» Exercise aim: All records are to be restated word for word, with pictures excluded.

» Raw data:
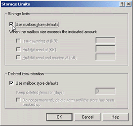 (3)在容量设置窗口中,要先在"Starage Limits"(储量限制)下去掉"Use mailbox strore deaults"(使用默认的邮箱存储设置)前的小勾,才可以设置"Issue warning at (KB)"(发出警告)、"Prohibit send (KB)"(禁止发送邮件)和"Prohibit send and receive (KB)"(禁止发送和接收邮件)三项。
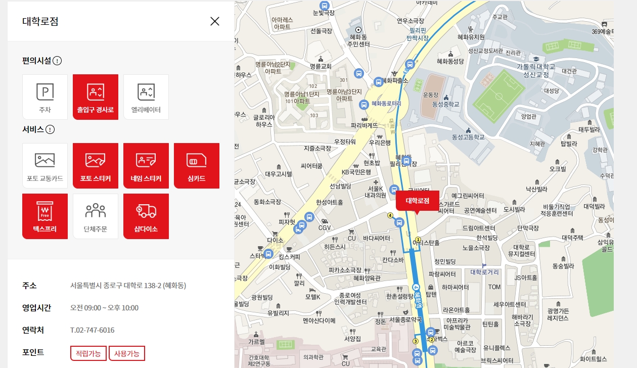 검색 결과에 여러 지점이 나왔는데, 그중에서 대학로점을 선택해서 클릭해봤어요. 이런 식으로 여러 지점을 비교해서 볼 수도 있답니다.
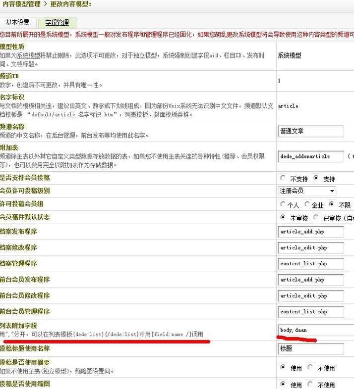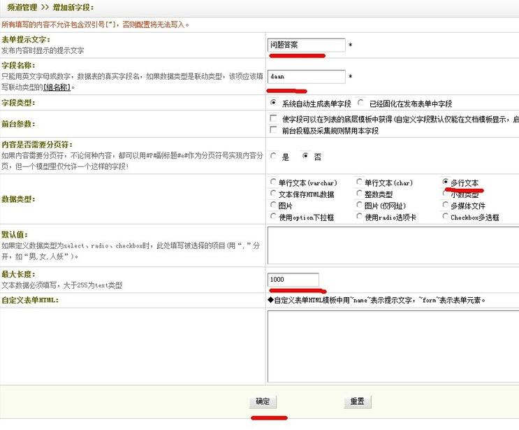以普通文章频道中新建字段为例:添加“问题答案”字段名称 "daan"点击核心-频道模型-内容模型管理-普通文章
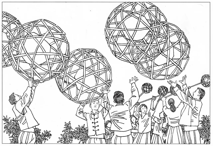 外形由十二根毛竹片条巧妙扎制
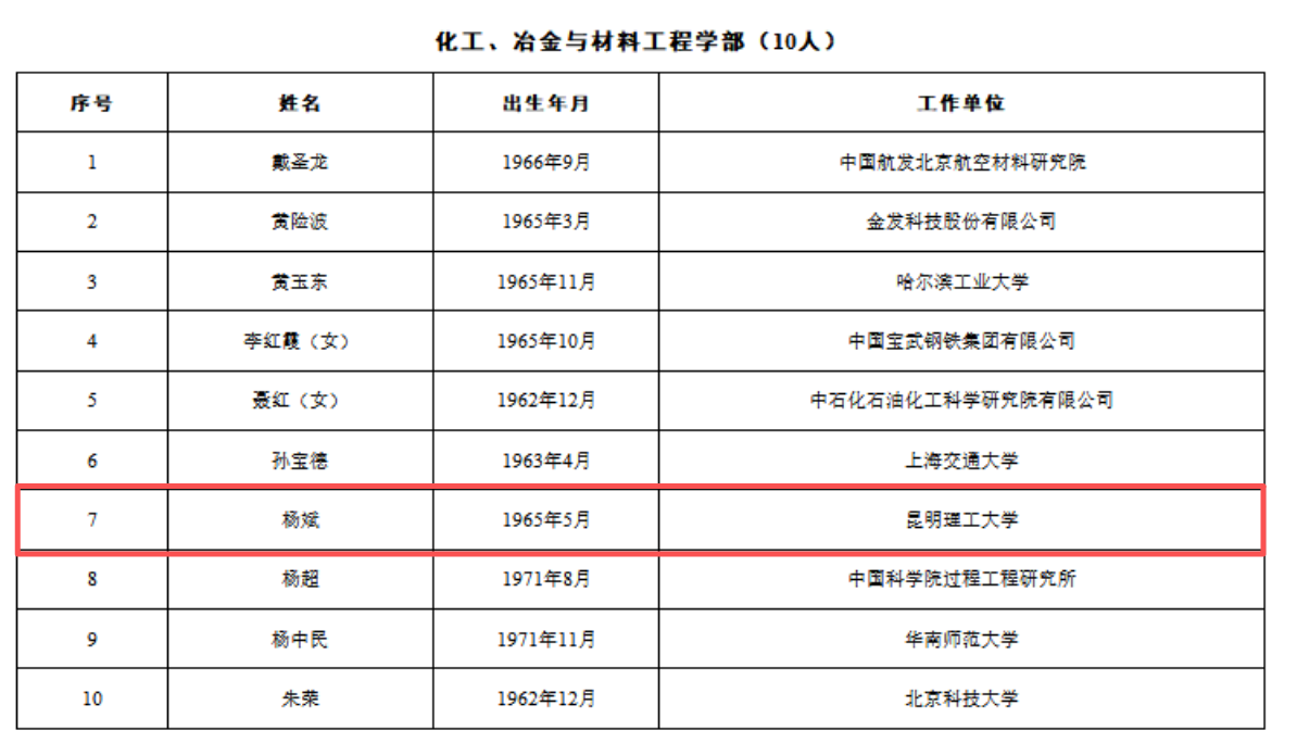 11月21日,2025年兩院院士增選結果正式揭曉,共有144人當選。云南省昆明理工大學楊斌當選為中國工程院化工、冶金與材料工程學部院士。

» Completed exercise:
 (3)在容量设置窗口中,要先在"Starage Limits"(储量限制)下去掉"Use mailbox strore deaults"(使用默认的邮箱存储设置)前的小勾,才可以设置"Issue warning at (KB)"(发出警告)、"Prohibit send (KB)"(禁止发送邮件)和"Prohibit send and receive (KB)"(禁止发送和接收邮件)三项。
 검색 결과에 여러 지점이 나왔는데, 그중에서 대학로점을 선택해서 클릭해봤어요. 이런 식으로 여러 지점을 비교해서 볼 수도 있답니다.
以普通文章频道中新建字段为例:添加“问题答案”字段名称 "daan"点击核心-频道模型-内容模型管理-普通文章
 外形由十二根毛竹片条巧妙扎制
 11月21日,2025年兩院院士增選結果正式揭曉,共有144人當選。云南省昆明理工大學楊斌當選為中國工程院化工、冶金與材料工程學部院士。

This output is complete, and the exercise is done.